Applicants are encouraged to utilize all appropriate expertise for the purpose of training Big Data scientists, whether that expertise lies within one or more institutions or within the industrial or public sectors. Applicants are also encouraged to consider whether other BD2K training FOAs, such as RFA-HG-14-004 for new T32 applications and RFA-HG-14-006 for revisions to T15 programs, are a good fit to the proposed training program. A complete list of BD2K FOAs can be found at bd2k.nih.gov.
- Letter of Intent Due Date(s): 30 days before the application due date
- Application Due Date(s): July 28, 2014; July 27, 2015, July 28, 2016, by 5:00 PM local time of applicant organization.
RFA-HG-14-005 Expiration Date July 29, 2016
The sponsoring institution must assure support for the proposed program. Appropriate institutional commitment to the program includes the provision of adequate staff, facilities, and educational resources that can contribute to the planned program.

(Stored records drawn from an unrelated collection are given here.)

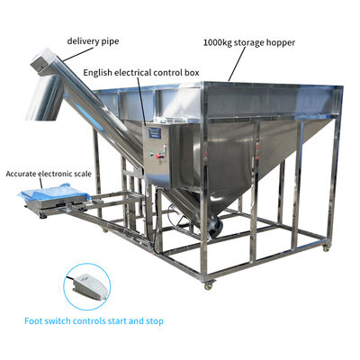 This integrated system combines a custom 304 stainless steel spiral conveyor belt with a 1000kg automatic weighing storage hopper, featuring a high-precision weighing system, conveyor hopper, and elevator for comprehensive material handling solutions.
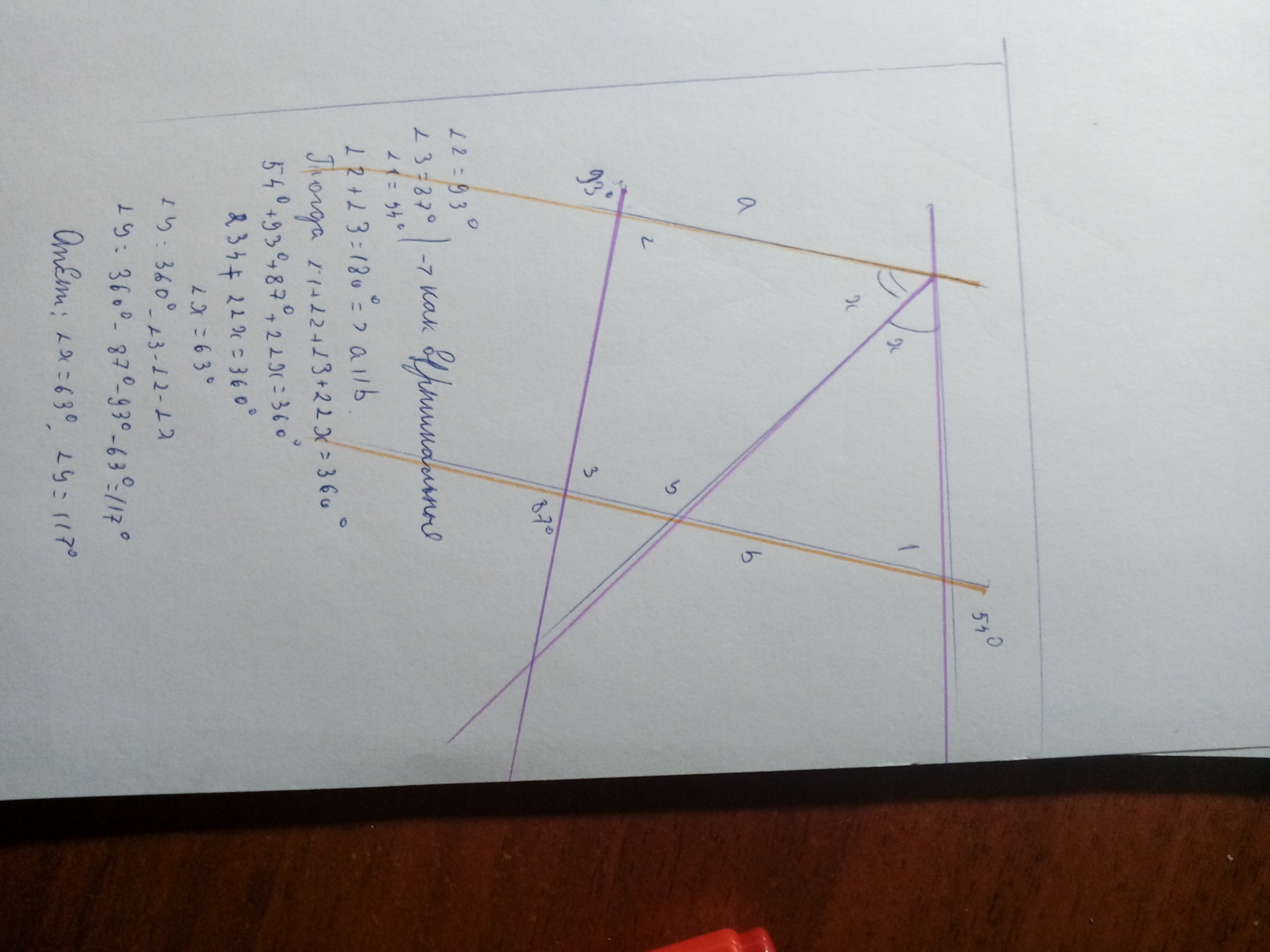 Прямые параллельные, 87 +93 = 180, согласна с вашими ответами х =63, у = 117
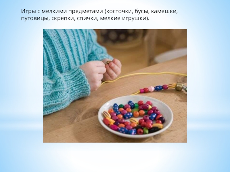 Слайд 24Игры с мелкими предметами (косточки, бусы, камешки, пуговицы, скрепки, спички, мелкие
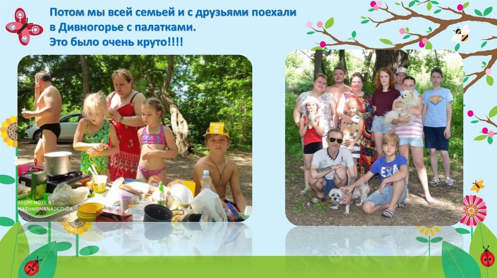 Потом мы всей семьей и с друзьями поехалив Дивногорье с палатками.
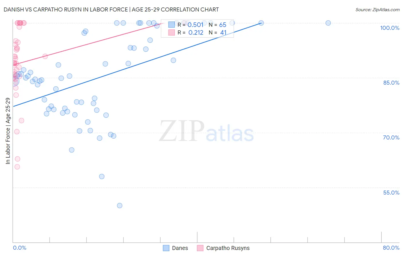 Danish vs Carpatho Rusyn In Labor Force | Age 25-29 Correlation Chart
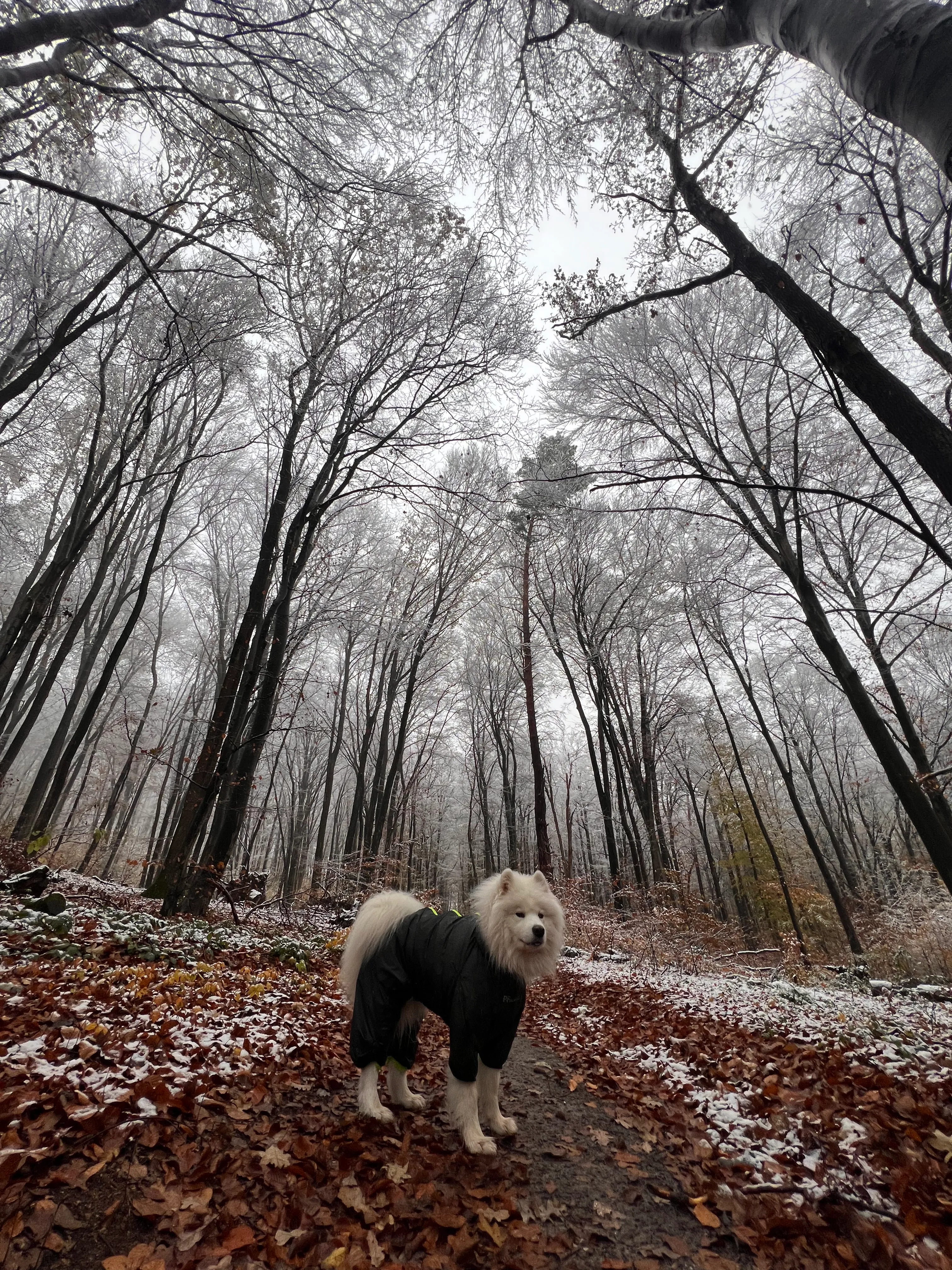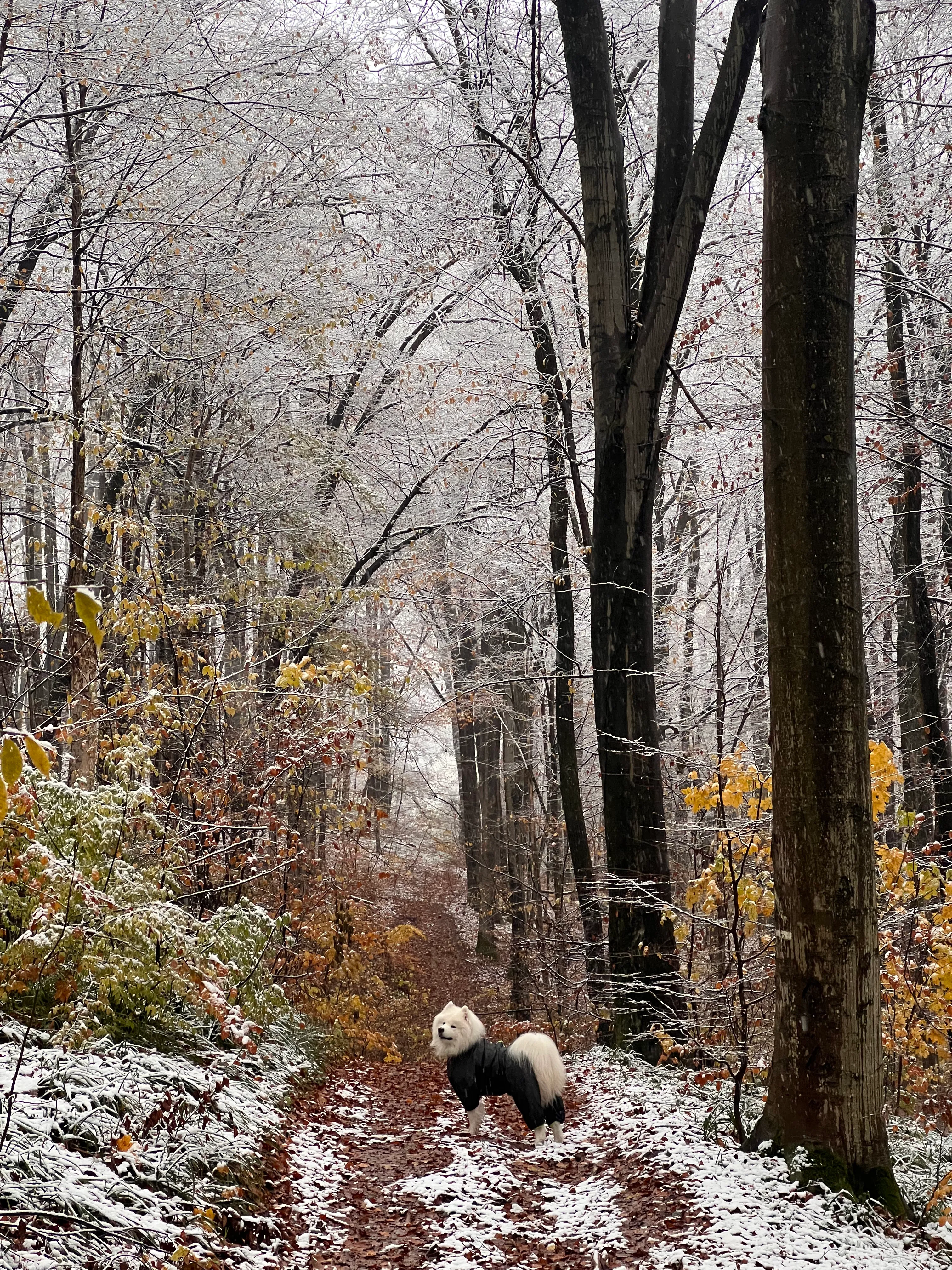 Первый снег в лесу/ Фото с инстаграма dunai_the_samoyed
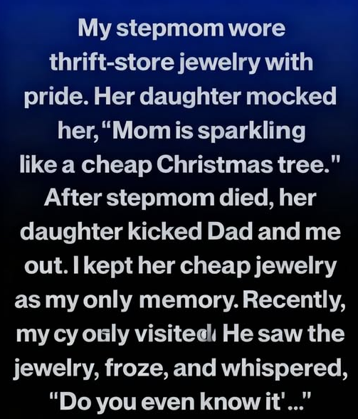 My stepmother had a presence that couldn’t be bought, borrowed, or faked. She wore confidence the way some people wear designer labels—effortlessly, without asking permission. Her jewelry was never expensive, never sourced from luxury boutiques. Every necklace, bracelet, and brooch came from thrift stores, flea markets, and forgotten corners of secondhand shops. Bright plastic beads, cloudy glass stones, tarnished chains. Yet when she walked into a room, she looked regal.

The applicant institution(s) must have a strong and high quality research program in biomedical Big Data Science that includes diverse and complex data types, such as genomic, other -omic, imaging, phenotypic, exposure, etc., both in the biomedical sciences. The applicant institution(s) must have the requisite faculty and facilities to conduct the proposed institutional program. In many cases, it is anticipated that the proposed program will complement, but be distinct from, other ongoing research training programs occurring at the applicant institution. It is expected that a substantial number of program faculty will have active biomedical Big Data Science research projects involving a variety of data types in the biomedical sciences in which participating trainees may gain relevant experiences consistent with their research interests and goals.
The PDs/PIs should be established investigators in the scientific areas relevant to biomedical Big Data Science and capable of providing both administrative and scientific leadership to the development and implementation of the proposed training program. The PDs/PIs will be expected to monitor and assess the program and submit all documents and reports as required. Since the focus of the training is in the area of developing new approaches and tools for manipulating, analyzing, and interpreting Big Data, the PD/PIs for this type of training program should collectively encompass expertise from all three major scientific areas, including demonstrated research leadership in computer science/informatics, statistics/mathematics, and biomedical science.
The primary PD/PI must ensure that the appropriate faculty work collaboratively and in a sustained manner across scientific disciplines and organizational lines to jointly mentor trainees. Big Data Science is interdisciplinary and includes all three major scientific areas: (1) computer science or informatics; (2) statistics and mathematics; and (3) biomedical sciences. It is anticipated that the training program will have a sufficient number of mentors in all three areas, including biomedical sciences researchers, and will utilize the idea of multiple mentorship.